(Items from a data source)
# # # #
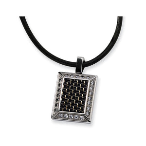 Men's Stainless Steel, Black Carbon Fiber & CZ Necklace, 22 Inch
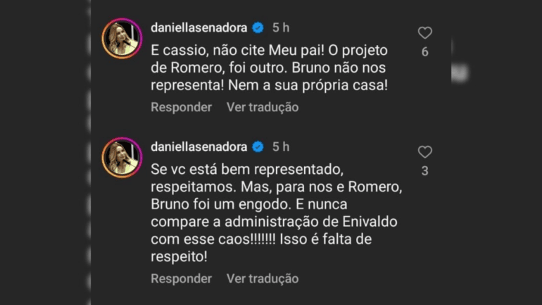 “E Cássio, não cite meu pai! O projeto de Romero, foi outro. Bruno não nos representa! Nem a sua própria casa! Se você está bem representado, respeitamos. Mas, para nós e Romero, Bruno foi um engodo. E nunca compare a administração de Enivaldo com esse caos. Isso é falta de respeito”, diz post da senadora nas redes sociais.
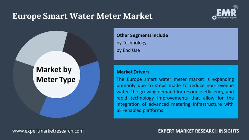 The major drivers of the Europe smart water meter market include the favourable policies of governments in the region encouraging the adoption of smart water meters, massive investments in developing smart city infrastructure, growing importance of analysing water usage, and soaring industrial reliance on water resources.
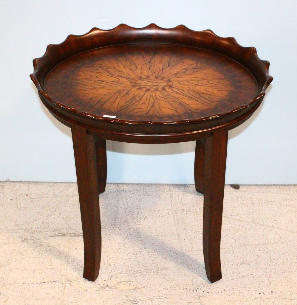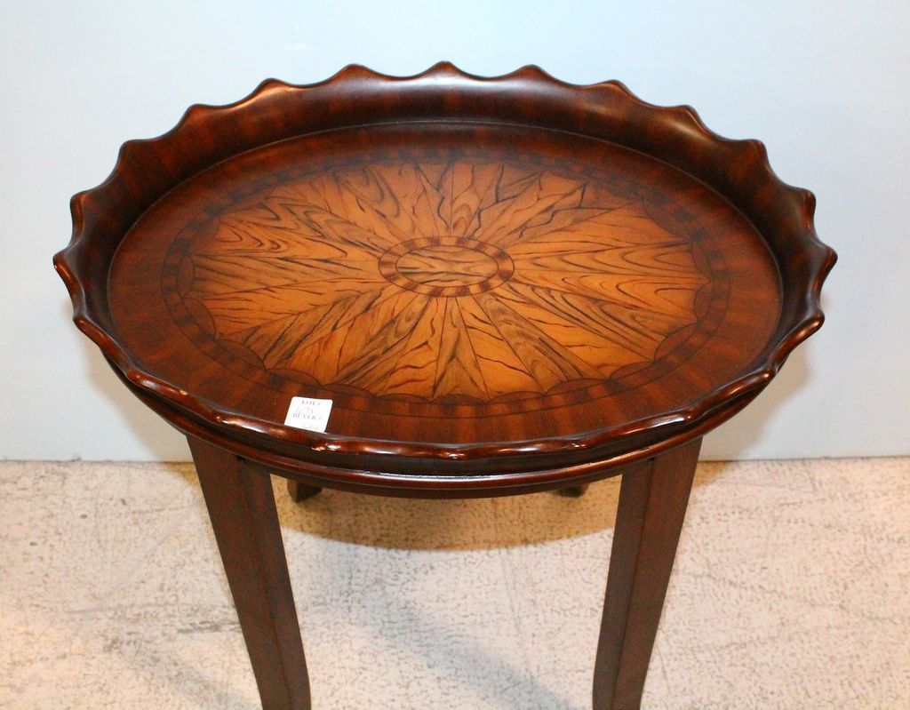 Hand painted oval side table. Top has fancy hepplewhite style medallion; 20''w., 16''d., 20''h.
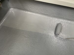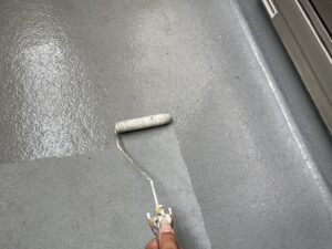 ベランダ塗装はプライマー塗布後、トップ上塗り2回塗りで仕上げていきます♪
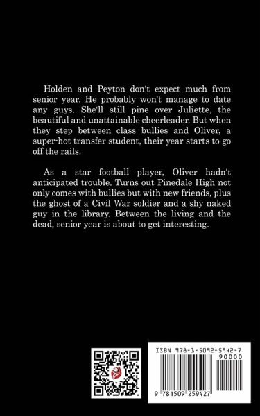 Holden and Peyton don't expect much from senior year. He probably won't manage to date any guys. She'll still pine over Juliette, the beautiful and unattainable cheerleader. But when they step between class bullies and Oliver, a super-hot transfer student, their year starts to go off the rails. As a star football player, Oliver hadn't anticipated trouble. Turns out Pinedale High not only comes with bullies but with new friends, plus the ghost of a Civil War soldier and a shy naked guy in the library. Between the living and the dead, senior year is about to get interesting.
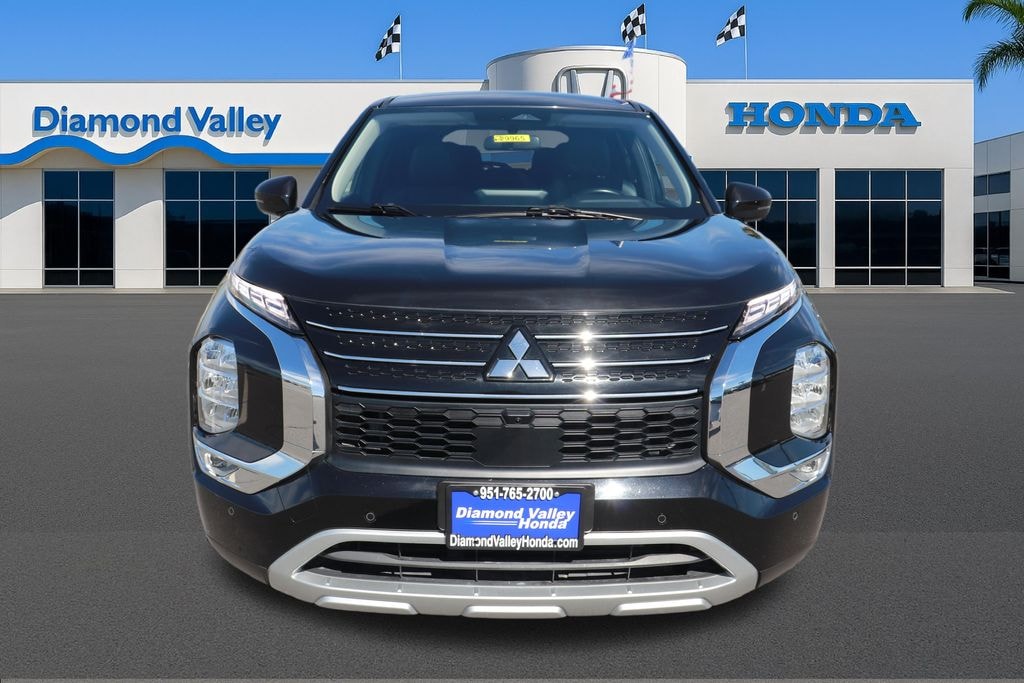 2024 Mitsubishi Outlander SE Modern Comfort with Three-Row VersatilitynnThe 2024 Mitsubishi Outlander SE brings together smooth performance, refined comfort, and three-row practicality, making it a confident choice for everyday driving around Hemet, CA. Its 2.5L Dual Overhead Cam engine supports composed acceleration, while the CVT helps maintain a quiet, steady ride. With an efficient rating of 24 MPG city and 31 MPG highway, this Outlander is well suited for commutes, errands, and weekend drives across Riverside County.nnInside, the cabin offers a well-crafted space with Synthetic Leather seat trim and a clean Black interior that feels both modern and comfortable. Heated front seats, a power driver seat, and dual-zone automatic temperature control make it easy to settle in for daily travel. With three rows of seating for seven, including a reclining third row and split-folding second and third rows, the Outlander adapts quickly for passengers, cargo, or a mix of both. The Labrador Black Pearl exterior adds a confident and polished look that complements its spacious interior design.nnDaily driving is supported by intuitive technology, including a 9-inch navigation system with Smartphone Link, Android Auto, and Apple CarPlay. Steering wheel-mounted controls, Bluetooth audio, and a helpful trip computer keep essential information close and accessible. Safety support includes Forward Collision Warning, Lane Departure Warning, Blind Spot Warning, Pedestrian Automatic Emergency Braking, Adaptive Cruise Control, Parking Assist, and a backup camera. These features are designed to assist awareness on the road but do not replace responsible driving.nnTo learn more or schedule a test drive at Diamond Valley Honda in Hemet, CA, contact our team today at (951) 309-7583.nnDiamond Valley Honda Ownership DisclosurennAs part of the Diamond Valley Honda ownership experience, every used vehicle includes one year of paint protection, applied to support appearance and long-term value.nnSome vehicles may also be equipped with additional dealer-installed accessories, such as ClearShield Plus Paint Protection with nitrogen-filled tires or KARR Security with Theft Replacement Benefit, which are not included in the advertised price. Availability and pricing of these items vary by vehicle and are disclosed on our website or during the sales process.nnWe encourage you to review these options with your Product Specialist so you can select the protections that best fit your ownership needs.nnInformation deemed reliable but not guaranteed. Buyer to verify all specifications. Advertised price does not include factory or dealer-installed accessories. See dealer for complete details.
# # # #
TASK INSTRUCTIONS -> Reproduce exactly the lines above that run from the one with "Hand painted oval" to the one with "ベランダ塗装はプライマー塗布後、トップ上塗り2回塗りで仕上げていきます♪", both included, leaving pictures out.

SOLUTION TO THIS TASK ->
 Hand painted oval side table. Top has fancy hepplewhite style medallion; 20''w., 16''d., 20''h.
 ベランダ塗装はプライマー塗布後、トップ上塗り2回塗りで仕上げていきます♪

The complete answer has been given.